Inherent in what your saying is the requirement for 100% audits of every financial advisor to the point of examining their stated investment strategy and tracking at least a significant number of their trades up to the point of matching them with actual trades on the exchange, ensuring that the path leads all the way back to the fund AND matches the stated fund strategy which would have to explicitly state something like "we buy covered options", which I'll point out is uncommon and would become even more uncommon if this kind of audit happened at a 100% rate. Remember, Madoff had a legit market making operation going on upstairs so even if we went with your idea they would have had to get all the way to the point of disambiguating between the trades in the money market operation and the supposed fund trades which, as it turns out in the end, required a team of several people spending many months on-site digging through records. And that was after they knew that there was a problem and could be intrusive as hell in the audit.
There are tens of thousands of funds in the U.S. The idea that you could possibly hire enough people at $120,000 a year to do this level of audit on every single one of them....it's just not realistic. The SEC would have to be the size of GS with salaries to match. And have Gestapo like powers. That's simply not going to happen and I'm not sure even you would want it to. Not trying to win an argument here, just trying to get people to think through the actual logistics of actually making something like this happen when you're constrained by the actual reality of working within government. Think through how you would actually do this if I called you up tomorrow and asked you to put in into place, nuts and bolts of how you'd hire, how many you'd have to hire, how you'd set up your audits, what kind of legal and regulatory pushback you'd encounter..... Again, having lived the dream, it's easy to criticize but oh so much harder to actually do when it comes to working within government.
Ok for you, @Sig, just for you, I got out my Harry Markopolos' book "No One Would Listen", on page 41, Markopolos clearly stated Madoff's strategy was buying a basket of blue-chip stocks and then hedge them with OTM OEX 100 (equivalent of SPX 500) put options and then also sell OTM OEX 100 call options with equal number for each. That strategy is what's called covered call with downside protection. All of the options would've traded on CBOE and all of the stocks would've traded on their respective stock exchanges, all those agencies have to do is go down to COBE and/or to any of the stock exchange where Madoff supposedly bought those blue-chip stocks and ask for transaction records. You are telling me that those agency auditors can't even do that??!! Just checking for some transaction records? Auditors never check for the entire month or entire period of records, they just check for sample of them, like several weeks or few days of them to see if they match.
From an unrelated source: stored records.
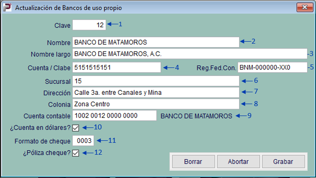 CLAVE: En esta ventana se agrega y/o actualiza el catálogo de instituciones bancarias de la empresa, así como su respectiva cuenta contable. Recuerde que para dar de alta una nueva cuenta contable de bancos, se declara la clave del banco y se asigna la cuenta contable de acuerdo al mayor de bancos y la clave consecutiva del mismo. Indique el número de banco a actualizar.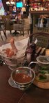 Интересный интерьер, вроде бы вежливый официант, но об отсутствии определённых позиций не предупредила, пришлось уже после выбора менять решение, вкус еды тоже средний - вроде бы ничего, но сказать что вкусно - нет, ну и на полу были остатки еды от предыдущих гостей.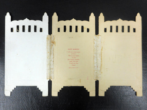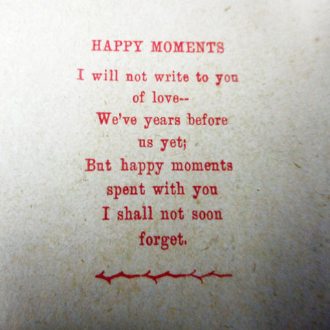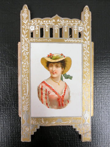 Authentic Victorian wish card and picture frame from the early 1900's, mint condition, vivid colors. Rare, unused, center space to add a photo. Divided and folded in 3 panels, stands well on its own. Beautiful montage of a lady, rose flower, angel and lace. Dimensions: 6 1/4 X 10 1/4 inches (opened), or 3 1/4 inches (unopened). Center print says "Happy Moments. I will not write to you of love, We've years before us yet, But happy moments spent with you I shall not soon forget".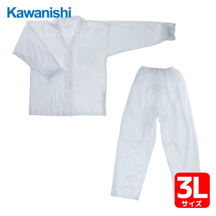 川西工業 雨具 合羽 カッパ レインスーツ ビニールクリア合羽 (1着) 品番:1500C-3L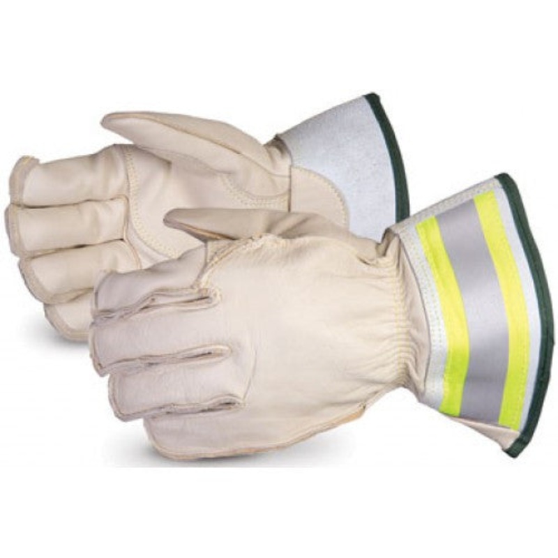 – Sewn across the back are 2″ fluorescent yellow safety cuffs.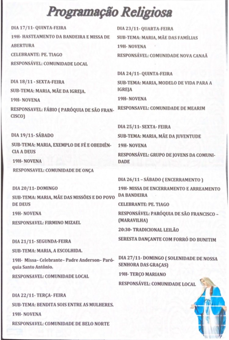 Pertencente a Paróquia de São Francisco de Assis, do Bairro Maravilha, a festa deste ano tem como tema “A exemplo de Nossa Senhora das Graças, sejamos missionários do reino de Deus”.

SEC might be underfunded to do that but what about FBI, DOJ? They have surveillance equipment that's worth millions more working for them and they set up shop in downtown NY to investigate the guy, you are telling me they can't simply go down to exchanges to ask for some transaction records???!! I don't buy it. They just needed to check for ONE and they would've uncovered the fraud lot earlier because there was NOT ONE transaction record that existed.
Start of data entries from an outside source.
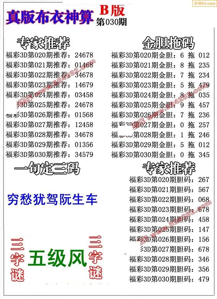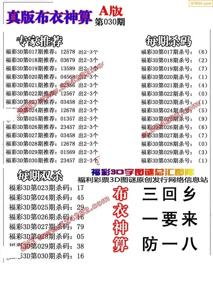 030期真精布衣3d正版布衣123456(原创)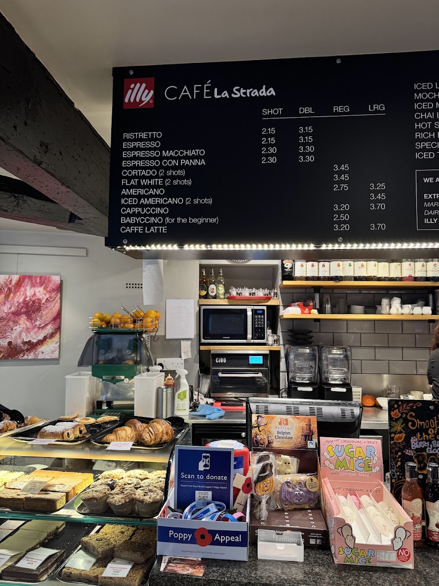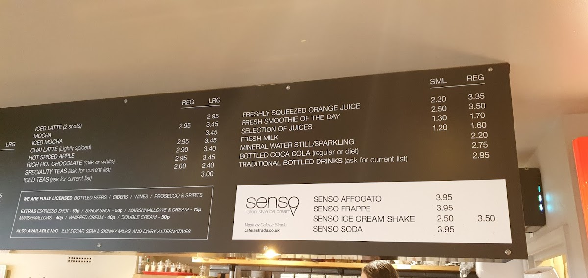 The drink menu at La Strada is just as varied, with refreshing options like Prosecco, Peroni, and Moretti for those looking to enjoy a drink with their meal. If you prefer cider, they have Lilleys Cider available. For coffee enthusiasts, the menu includes favorites like Iced Latte, Mocha, and Iced Mocha, along with comforting beverages like Chai Latte and Hot Spiced Apple to keep you warm on cooler days.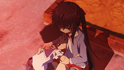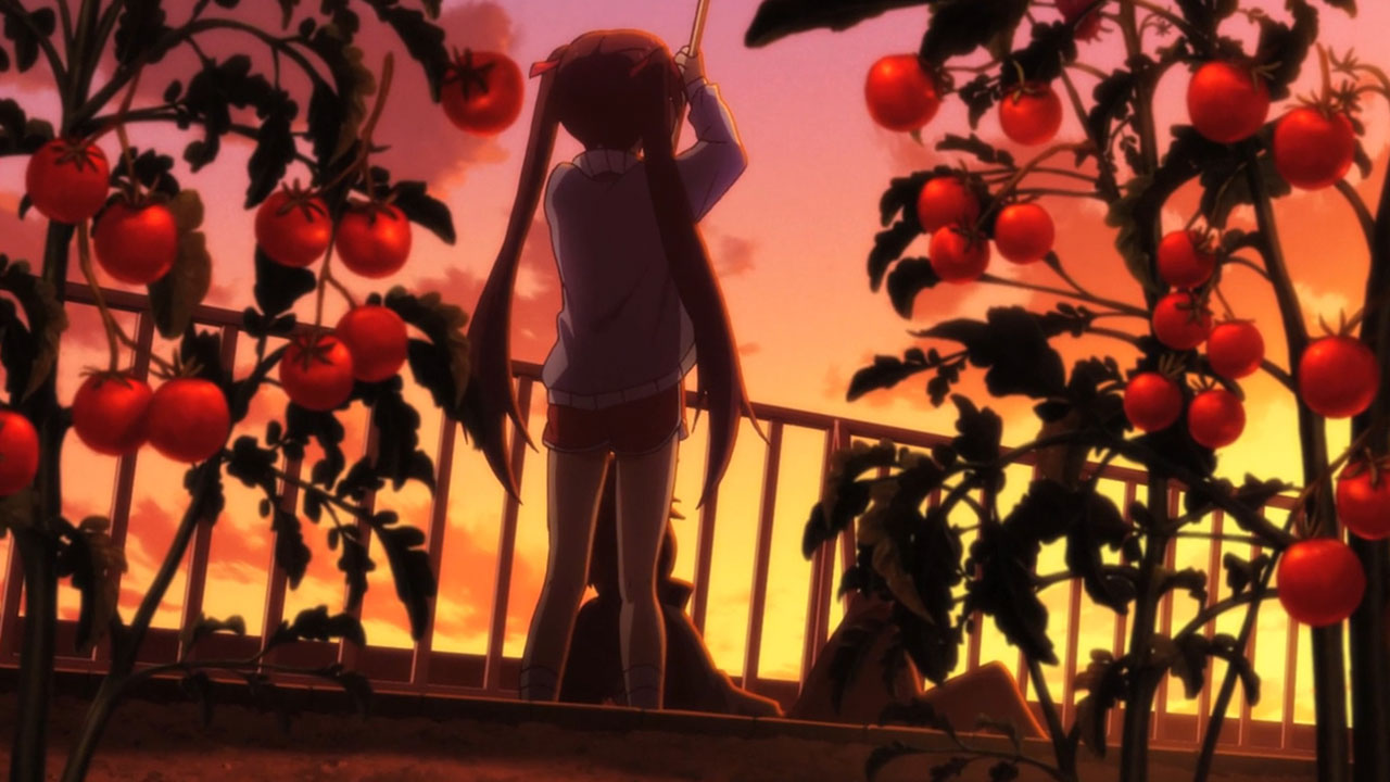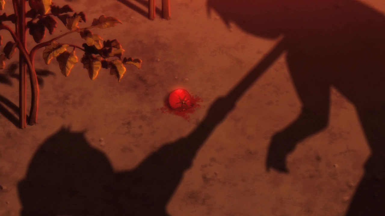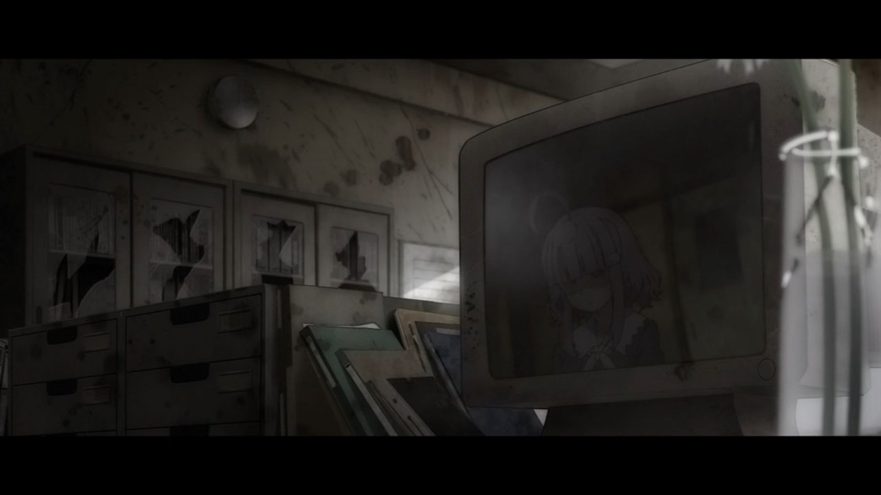 ….well. That was really, really expanded from a few short panels in the manga, and really, really effective – that lack of sound during Kurumi’s first time with the shovel was goosebump-worthy. I’m not quite a fan of the continuous news reports, explosions in the city, and such – that kind of thing’s been overplayed a lot, even High School of the Dead used it – but otherwise that was top-quality anime original material.

And as a matter of fact, SEC, to its fairness, actually made an attempt and probably the only attempt among all agencies to check Madoff's transaction records. And it involved even simpler than going down to the exchanges to check for transaction records. It actually asked for Madoff's DTC account number to check for transactions during one of their Enforcement Investigation and Madoff gave them a fake DTC account number. Even Madoff himself thought he was done and he was actually expecting to be done because all SEC had to do was to go down to DTC to check for all of the cleared transactions and they would've discovered there were no transactions whatsoever and even the DTC account number was fake and his scheme would've been exposed. Because no matter how much statements he can do, he would not be able to fake DTC number, a broker-dealer identifier no. assigned to each dealer for clearing transactions. But for some very incredible and unexplained reason that even astonished Madoff himself, SEC never followed up or contacted DTC to check, and no else after them ever did either. DTC is actually an agency with SEC and they didn't even bother to contact SEC's own internal agency. And so Madoff narrowly escaped again. There is something very wrong when the crooks that you are supposed to catch even thinks that he should be caught and fully expects to be caught and is astonished to find instead that he's not. WHY didn't SEC simply just go down to DTC to just check out the number??!!! There is no math, or talent, or "fraud-minded" required, just doing the routine of checking out a number??!!
As much as I understand government's hiring limitations for talent, I just think this is not the case here. Letting Madoff to have a ponzi scheme to go on for so long undetected is simply a lack of due diligence and laziness and complacency on those governmental agencies' part, aka dropping the ball on the American people. This is not a skill issue. This is an attitude issue.